Ein Beispiel der Abwehrarbeit des Vereins bearbeitet Regina Grundmann mit Blick auf zwei apologetische Schriften, die sich gegen Angriffe auf jüdische Traditionsliteratur richteten. Ausgehend vom „Stürmer-Prozess“ 1929, betritt sie dabei ein Feld, welches von scheinbar ambivalenten Positionen innerhalb des CV geprägt war: Einerseits sollte die religiöse Gesinnung eine individuelle Entscheidung bleiben, aber andererseits erkannten die Verantwortlichen im Verein auch einen direkten Angriff auf die Emanzipation. Demnach herrschte zwar in der Berliner Zentrale Einigkeit über den Handlungsbedarf, aber Uneinigkeit über die Form und Umsetzung, was mitunter auch an mangelnder Kenntnis der Materie durch die Mitglieder festzumachen war. Ihr gelingt es nachzuweisen, dass im Verein zwar entschlossen gehandelt wurde, man sich aber wiederkehrend die Frage stellte, ob diese Abwehr- und Aufklärungsarbeit den gewünschten Nutzen überhaupt erzielen könnte, wodurch sich der Wechsel des Verwendungszwecks der Schriften nachvollziehen lässt.
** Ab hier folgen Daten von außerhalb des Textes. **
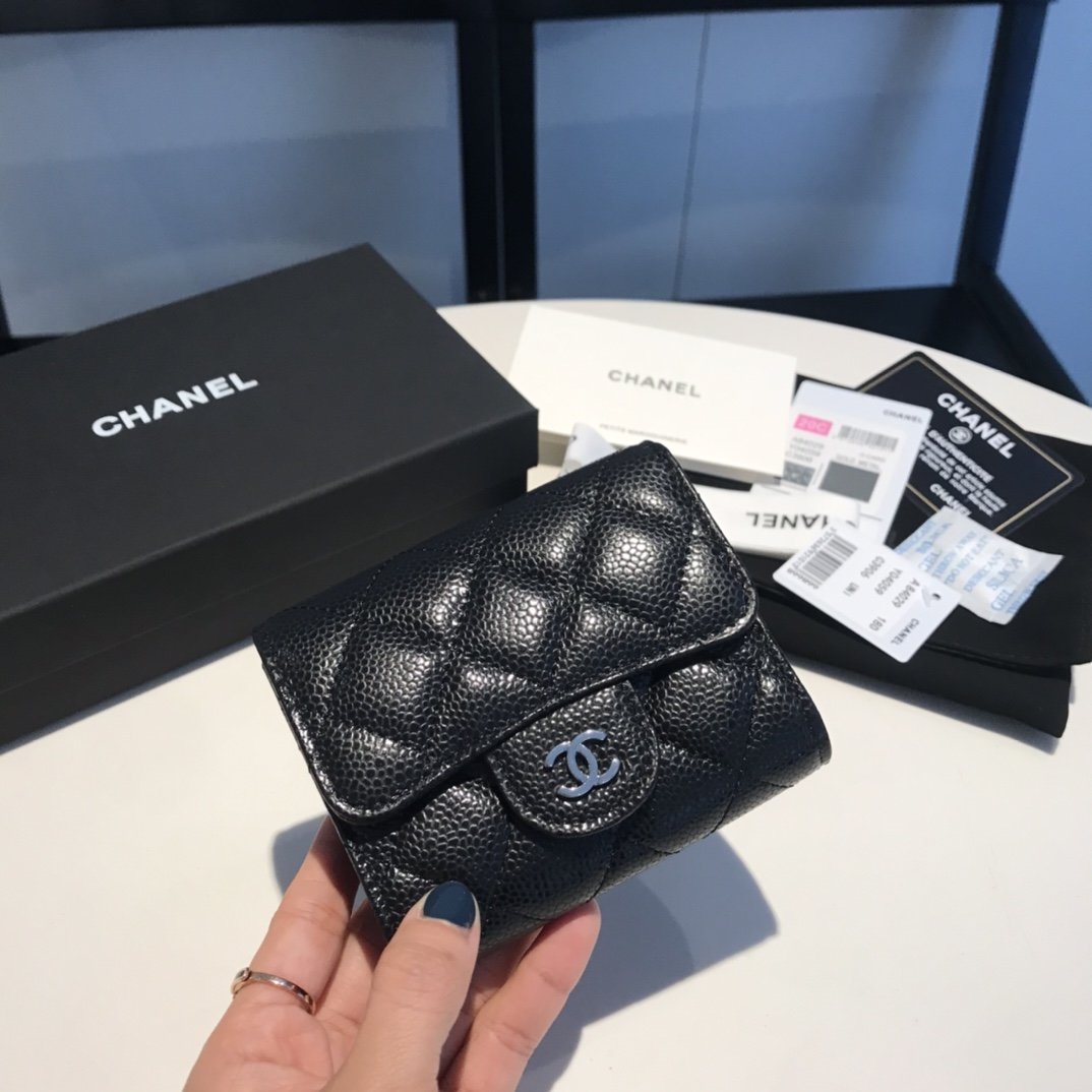 Ch**el CO-CO Classic Card Holder 11cm/4.4in Silver Hardware For Women Black AP0214 Y01480 C3906

Diese richteten sich ab 1933 nicht mehr primär gegen antisemitische Angriffe und auf die Aufklärung der christlichen Bevölkerung, sondern vielmehr auf eine Konstituierung einer „positive[n] jüdische[n] Identität“ (S. 153). Grundmann trifft den Kern einer Debatte, die den CV prägte und zu einer Doppelstrategie führte: Abwehr nach außen und Aufklärung nach innen unter Reflexion der gegenwärtigen Verhältnisse. Demnach erkennt Grundmann einen wesentlichen Beitrag des CV zur „jüdischen Renaissance“ (S. 153).
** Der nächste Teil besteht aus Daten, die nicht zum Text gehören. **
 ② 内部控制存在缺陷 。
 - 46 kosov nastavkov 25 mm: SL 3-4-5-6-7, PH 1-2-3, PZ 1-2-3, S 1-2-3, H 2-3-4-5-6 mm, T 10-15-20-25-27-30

Martin Herholz stellt die Jugendarbeit des CV in das Zentrum seines Interesses, indem er den Bund deutsch-jüdischer Jugend, sein Entstehen und seine Entwicklung nachzeichnet. Hier werden die anhaltenden Bemühungen, Zukunftsperspektiven zu bieten, anhand der Jugendarbeit greifbar. Es ist bezeichnend, dass sich die Verantwortlichen einerseits früh der Notwendigkeit dieses Arbeitsfeldes bewusst waren, jedoch andererseits erst verhältnismäßig spät die Einsetzung eines Jugendausschusses beschlossen; dies hingegen nicht als Reaktion auf die erstarkenden zionistischen Jugendbewegungen, sondern vielmehr aufgrund einer drohenden „roten Assimilation“ (S. 164) der Jugend. Die Jugendarbeit verdeutlicht dabei den Rückzug in Handlungsräume, die sich durch zunehmende staatliche Verfolgung verkleinerten.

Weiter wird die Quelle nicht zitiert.